[Supplied data]
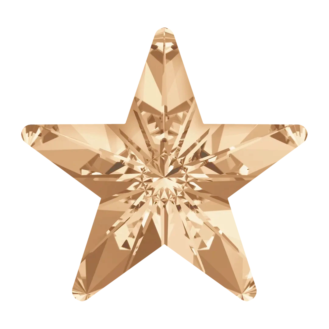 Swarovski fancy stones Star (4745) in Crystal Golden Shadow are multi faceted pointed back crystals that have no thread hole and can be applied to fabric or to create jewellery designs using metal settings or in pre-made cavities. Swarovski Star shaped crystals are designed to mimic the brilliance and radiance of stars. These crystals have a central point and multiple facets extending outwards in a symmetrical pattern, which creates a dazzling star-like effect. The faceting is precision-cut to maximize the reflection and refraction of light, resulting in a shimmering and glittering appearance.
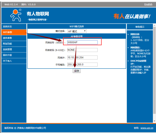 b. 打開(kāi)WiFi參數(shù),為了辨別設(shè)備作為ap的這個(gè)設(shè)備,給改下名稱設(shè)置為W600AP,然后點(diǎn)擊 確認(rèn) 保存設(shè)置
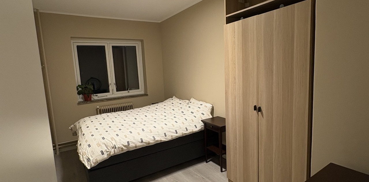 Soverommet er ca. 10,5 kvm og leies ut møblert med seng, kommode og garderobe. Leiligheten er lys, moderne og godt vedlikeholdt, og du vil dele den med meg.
* * *
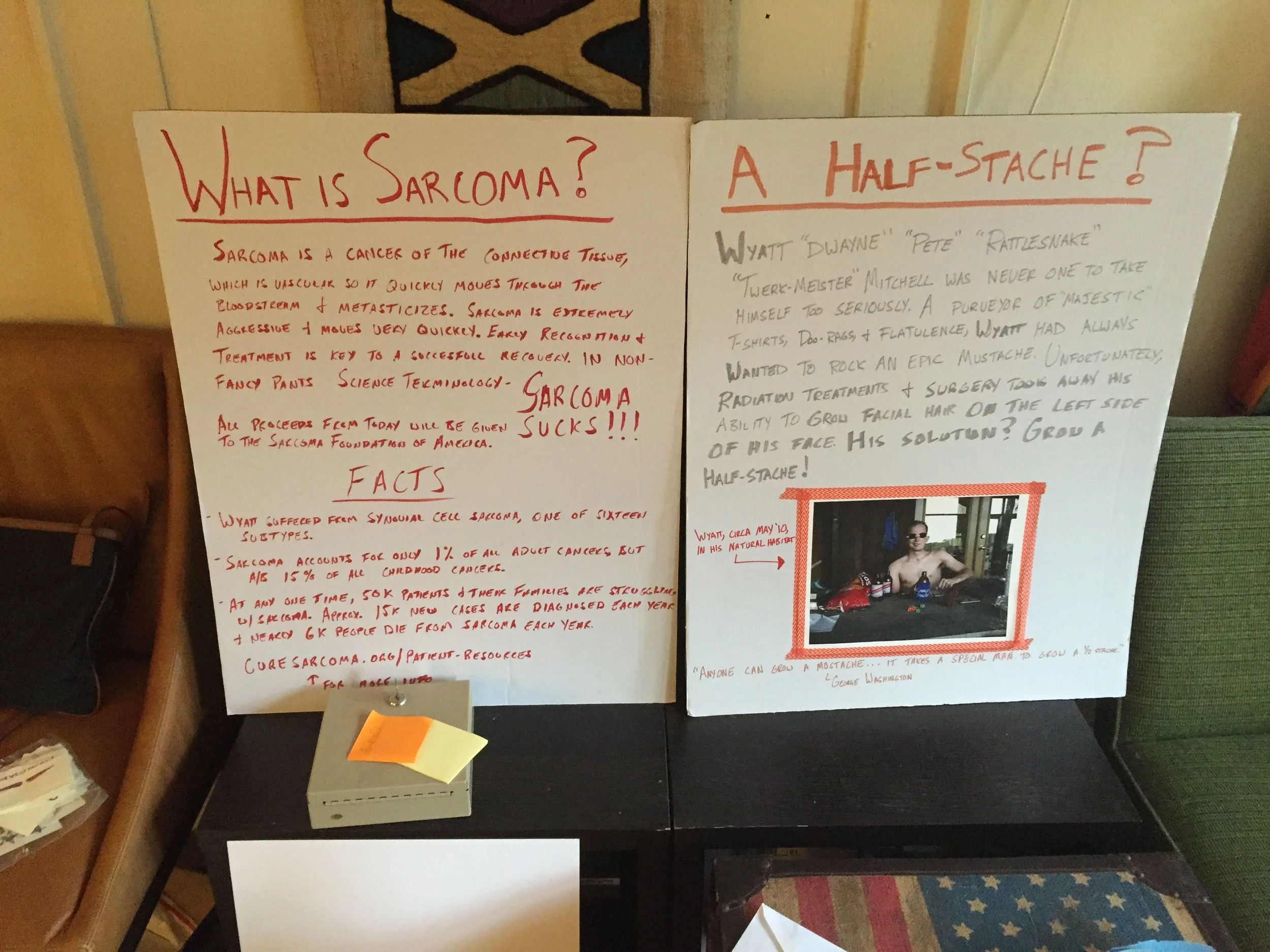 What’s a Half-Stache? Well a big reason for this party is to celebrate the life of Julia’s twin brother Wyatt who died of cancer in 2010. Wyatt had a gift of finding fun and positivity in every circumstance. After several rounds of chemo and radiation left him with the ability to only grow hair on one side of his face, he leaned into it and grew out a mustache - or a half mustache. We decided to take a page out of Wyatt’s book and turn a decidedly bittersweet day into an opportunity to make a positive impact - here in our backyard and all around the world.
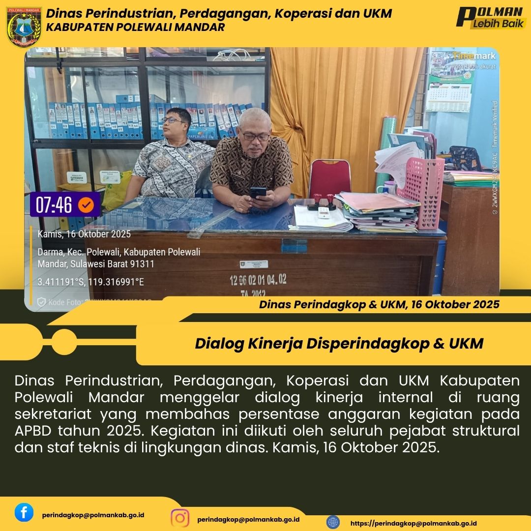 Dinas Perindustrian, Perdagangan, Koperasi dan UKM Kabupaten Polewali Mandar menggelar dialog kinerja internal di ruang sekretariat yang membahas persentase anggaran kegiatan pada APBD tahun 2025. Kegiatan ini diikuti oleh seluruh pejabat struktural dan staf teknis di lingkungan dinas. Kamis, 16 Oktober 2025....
--
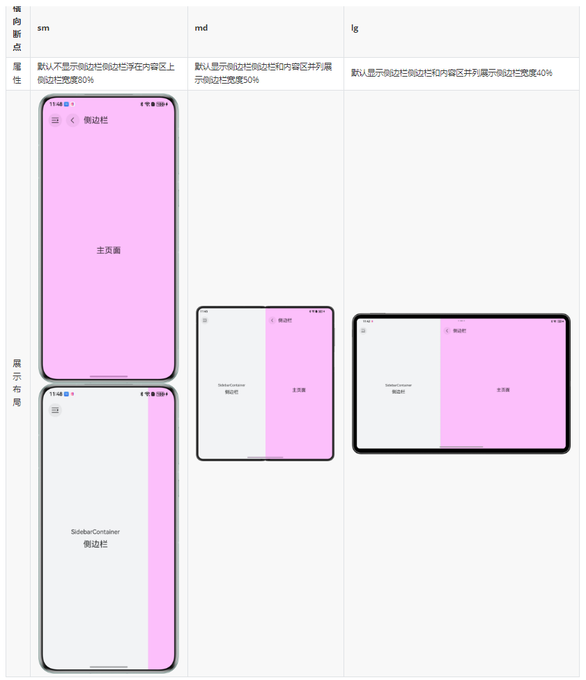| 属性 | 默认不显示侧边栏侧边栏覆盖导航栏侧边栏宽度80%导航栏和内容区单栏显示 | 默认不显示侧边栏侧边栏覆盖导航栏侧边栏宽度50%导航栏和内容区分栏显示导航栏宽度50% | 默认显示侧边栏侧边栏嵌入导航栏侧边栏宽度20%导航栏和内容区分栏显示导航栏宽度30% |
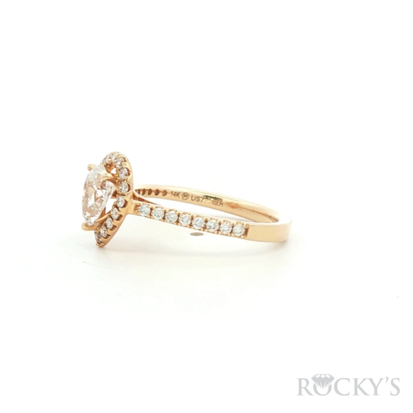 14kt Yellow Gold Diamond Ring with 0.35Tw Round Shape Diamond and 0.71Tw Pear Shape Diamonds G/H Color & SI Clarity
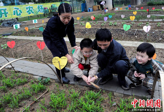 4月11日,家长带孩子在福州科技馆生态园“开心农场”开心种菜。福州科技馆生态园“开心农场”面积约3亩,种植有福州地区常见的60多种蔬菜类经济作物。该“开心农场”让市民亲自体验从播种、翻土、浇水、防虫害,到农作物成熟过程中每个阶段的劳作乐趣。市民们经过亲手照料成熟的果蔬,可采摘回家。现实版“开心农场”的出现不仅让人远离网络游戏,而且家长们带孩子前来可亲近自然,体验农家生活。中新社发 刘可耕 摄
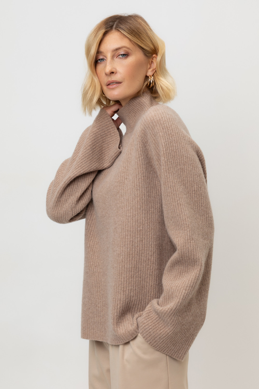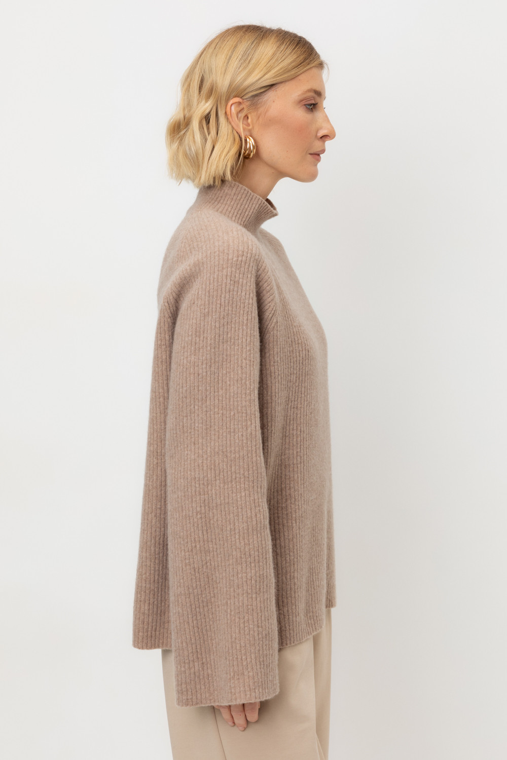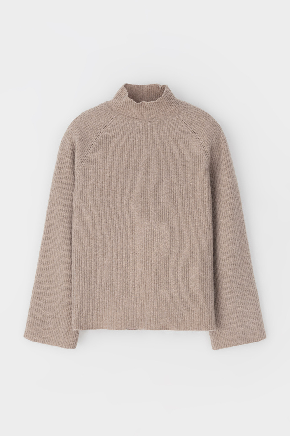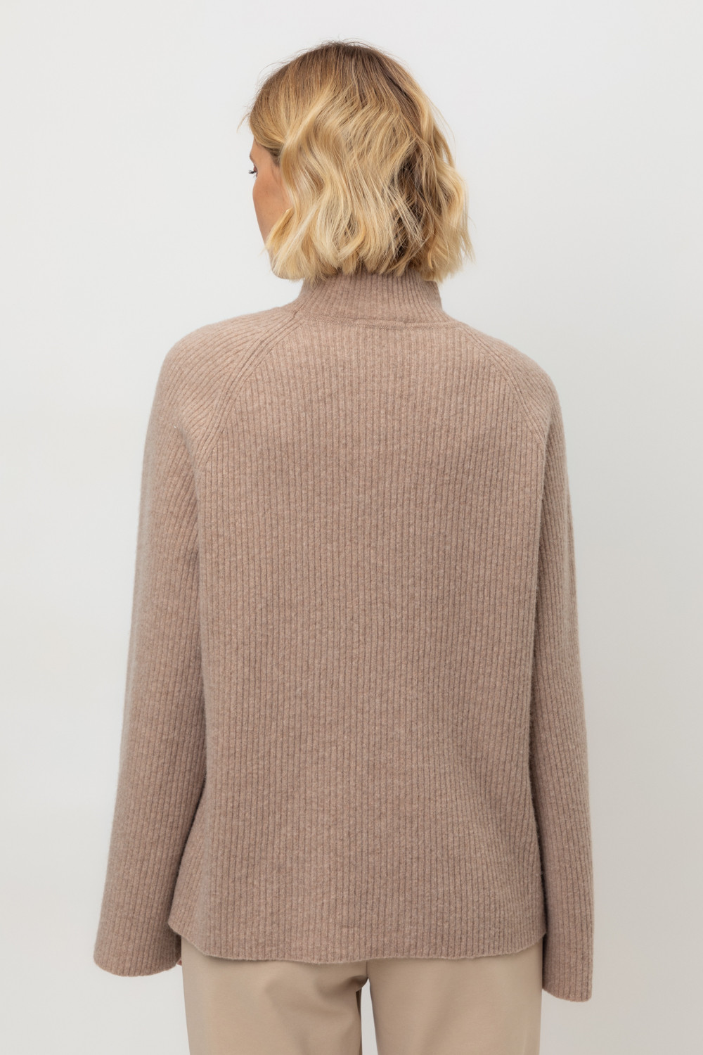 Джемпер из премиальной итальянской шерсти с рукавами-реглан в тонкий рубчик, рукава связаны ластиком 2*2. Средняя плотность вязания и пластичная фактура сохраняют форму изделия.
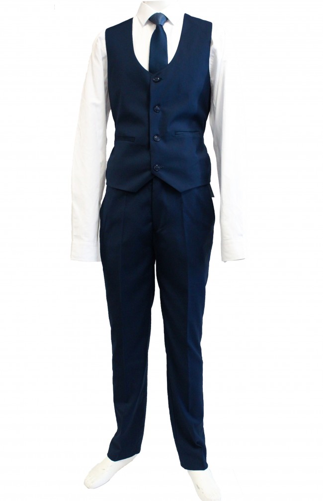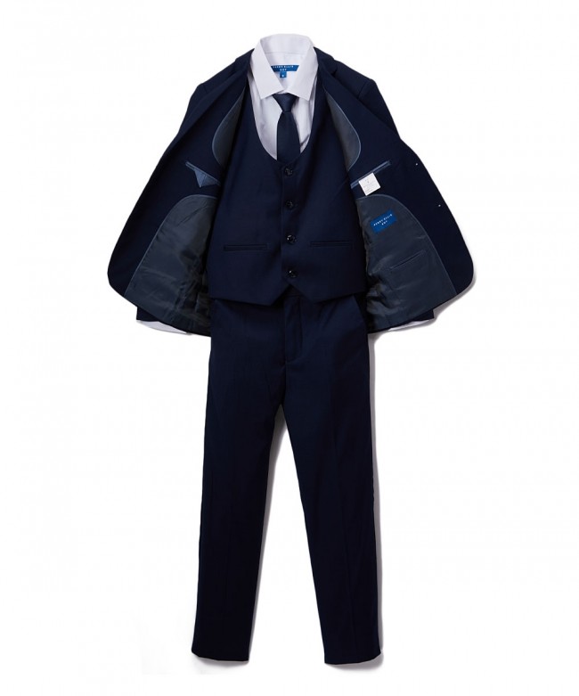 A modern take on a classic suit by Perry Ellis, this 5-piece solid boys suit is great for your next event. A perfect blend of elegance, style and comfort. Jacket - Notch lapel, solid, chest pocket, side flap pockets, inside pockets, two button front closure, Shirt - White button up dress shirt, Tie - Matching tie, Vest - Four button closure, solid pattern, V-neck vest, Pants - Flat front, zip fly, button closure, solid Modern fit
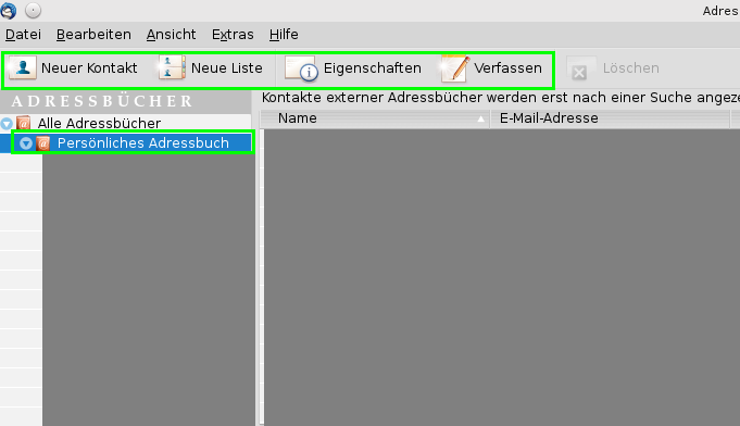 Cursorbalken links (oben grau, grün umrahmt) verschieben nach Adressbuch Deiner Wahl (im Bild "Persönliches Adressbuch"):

[Task instructions]
Once the line with "属性 | 默认不显示侧边栏侧边栏覆盖导航栏侧边栏宽度80%导航栏和内容区单栏显示" has been found above, output that line and every later line exactly, stopping after the line with "14kt Yellow Gold", and omit the pictures.

[Solution for this task]
| 属性 | 默认不显示侧边栏侧边栏覆盖导航栏侧边栏宽度80%导航栏和内容区单栏显示 | 默认不显示侧边栏侧边栏覆盖导航栏侧边栏宽度50%导航栏和内容区分栏显示导航栏宽度50% | 默认显示侧边栏侧边栏嵌入导航栏侧边栏宽度20%导航栏和内容区分栏显示导航栏宽度30% |
 14kt Yellow Gold Diamond Ring with 0.35Tw Round Shape Diamond and 0.71Tw Pear Shape Diamonds G/H Color & SI Clarity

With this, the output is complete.